■ **Try it**: Write out, with no changes, every line starting at the one that contains "เหรียญหลวงพ่อทอง รุ่นเจริญพรล่าง ปี" and ending at the last line of the data below. Leave pictures out.

■ **Collected material**:
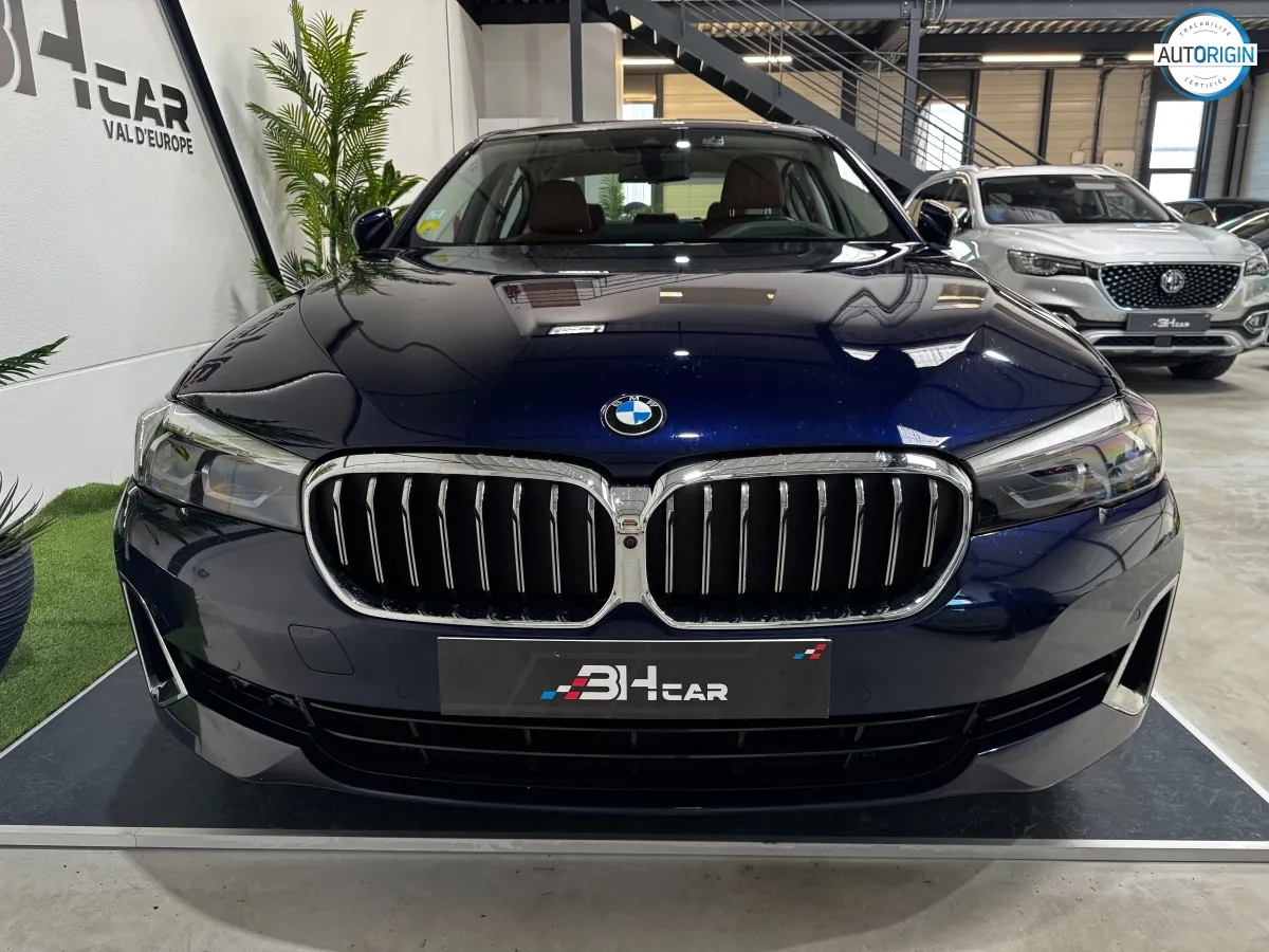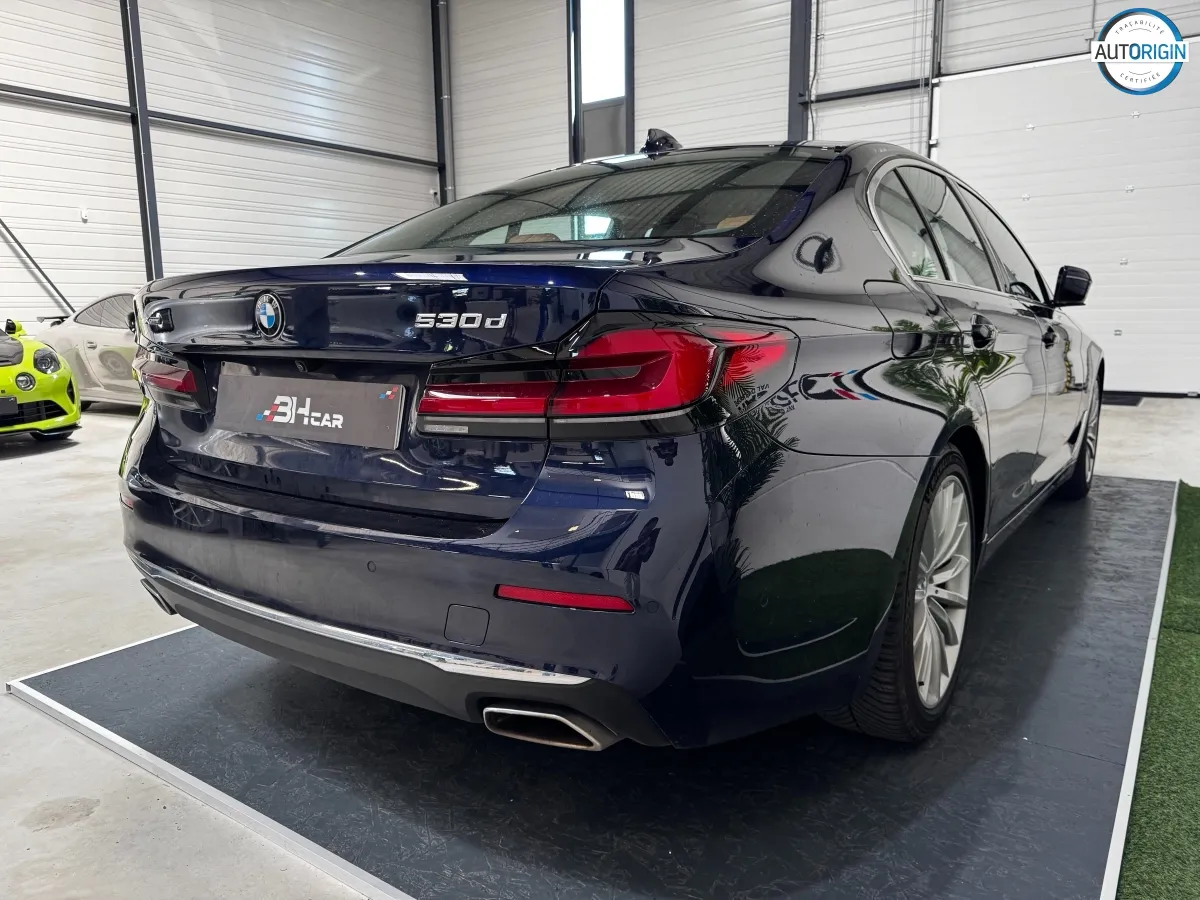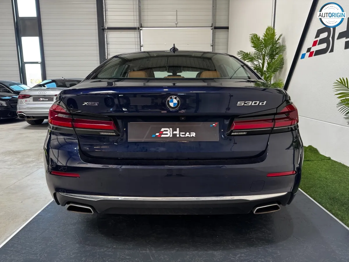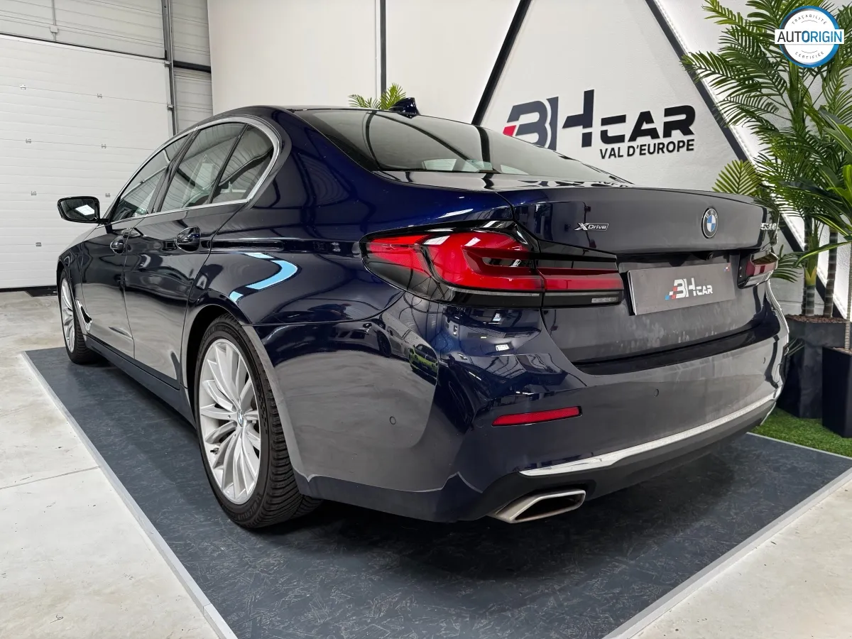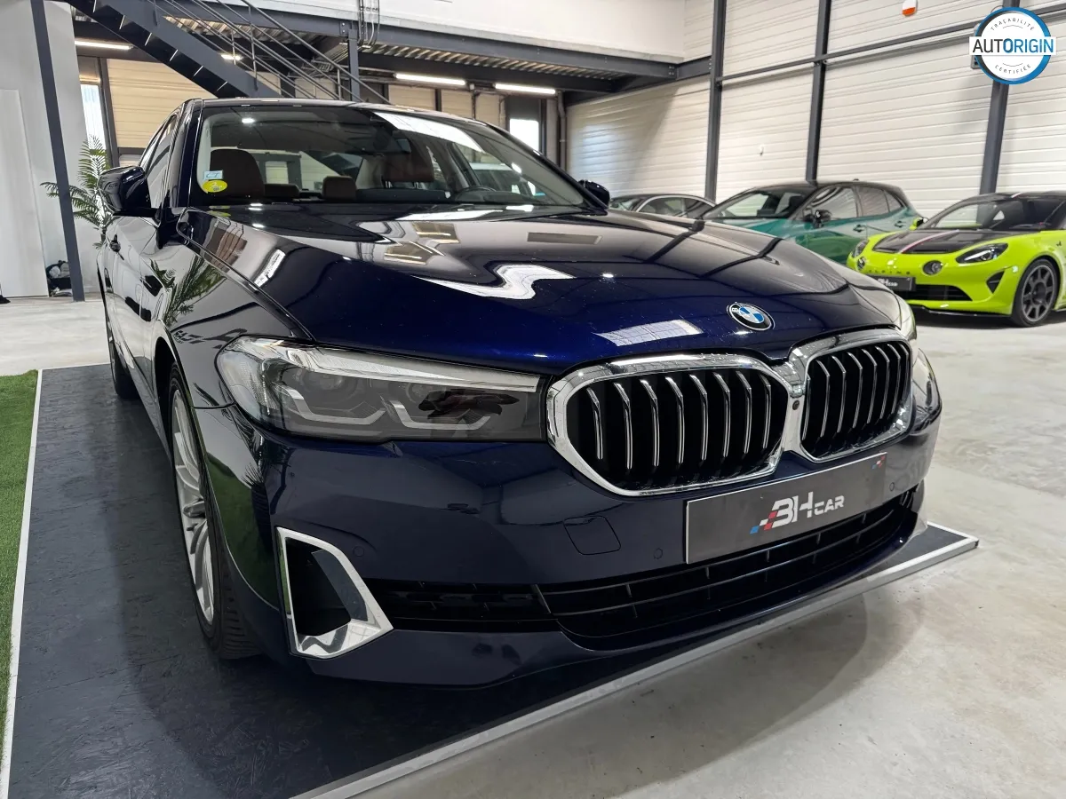 BMW Série 5 530d xDrive en excellent état, très bien optionnée, en plus d'un combo couleurs particulièrement désirable. Cet exemplaire associe la transmission intégrale, le groupe motopropulseur mild hybrid 48V et un niveau d'équipements très complet : train arrière directeur, sièges massants, caméra 360°, Driving Assistant Professional, pack hiver et bien d'autres.
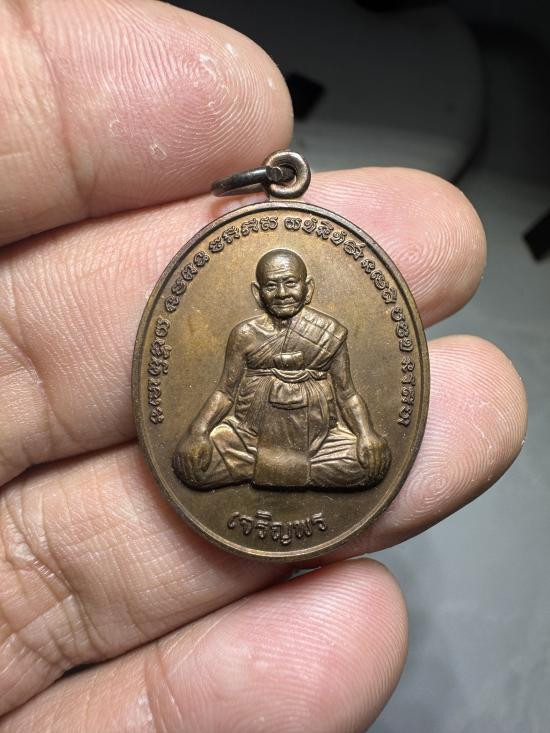 เหรียญหลวงพ่อทอง รุ่นเจริญพรล่าง ปี 2559 เนื้อทองแดงมันปู ตอก๙รอบ หมายเลข 5744 |
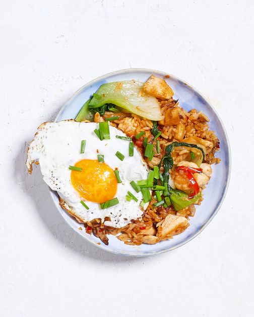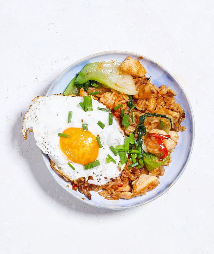 "Smażymy jajko sadzone i kładziemy je na wierzchu dania. Gotowe nasi goreng posypujemy posiekaną dymką.",

■ **Exercise result**:
 เหรียญหลวงพ่อทอง รุ่นเจริญพรล่าง ปี 2559 เนื้อทองแดงมันปู ตอก๙รอบ หมายเลข 5744 |
 "Smażymy jajko sadzone i kładziemy je na wierzchu dania. Gotowe nasi goreng posypujemy posiekaną dymką.",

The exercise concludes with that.